That's reasonably fair. A lot of things could mess up the classic game, some even earlier than that, but certainly by the time you were using Enchant an Item and it's ilk, there'd be issues. In the classic game. And, not surprisingly since it evokes the classic game so well, in 5e, of course.

In 3.x, by the time you had 4th level spells you were quite possibly seeing real problems. Thus E6.

But, right or wrong, you just can't say "for all editions" and "6th level spells" in the same breath: 4e didn't use the traditional spell-level progression, at all, so there was no nth-level spell marker. For that matter, when the classic spells that had been 6th level did finally come on-line in 4e, some time in Paragon, if not Epic, if, indeed, at all, they were not problematic.

Playing 3e D&D at higher level is IMO mostly an exercise in limiting the chargen options players have available, as if you have access to all the books it is trivially easy to build 3e D&D characters of high level that break the game wide open in various ways.
It's no great stretch with just the PH, either.
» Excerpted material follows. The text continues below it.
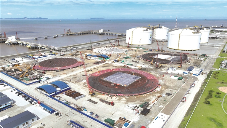 近日,在位于高新区的浙江舟山液化天然气(LNG)接收及加注站三期LNG储罐及配套设施项目工地,施工人员正在紧张施工中。获悉,三期项目计划投资38亿元,将新增4座22万m3全容罐及配套设施,预计2025年9月建成投产。摄影 记者 陈永建 通讯员 陈如详
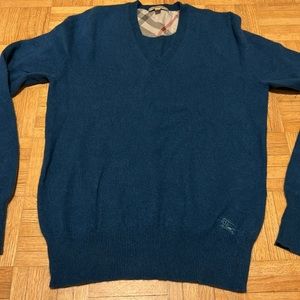 This blue V-neck sweater features a subtle knit texture, offering a classic and versatile look. Made from a comfortable knit fabric, it provides warmth and style for any occasion. The solid color design ensures it pairs effortlessly with various outfits. Stitches need to put together right on the seam under arm

That's what CoDzilla was originally coined to illustrate. ;)

Also, it helps if the players playing the tier 1 classes don't have a whole lot of system mastery and if you don't have fungible magic items in your game so that players can optimally kit up their characters.
That got our first 3.x campaign through to level 13 in better shape than usual, yes. The group's "system masters" were either playing fighters or running the game. I guess masters like a challenge.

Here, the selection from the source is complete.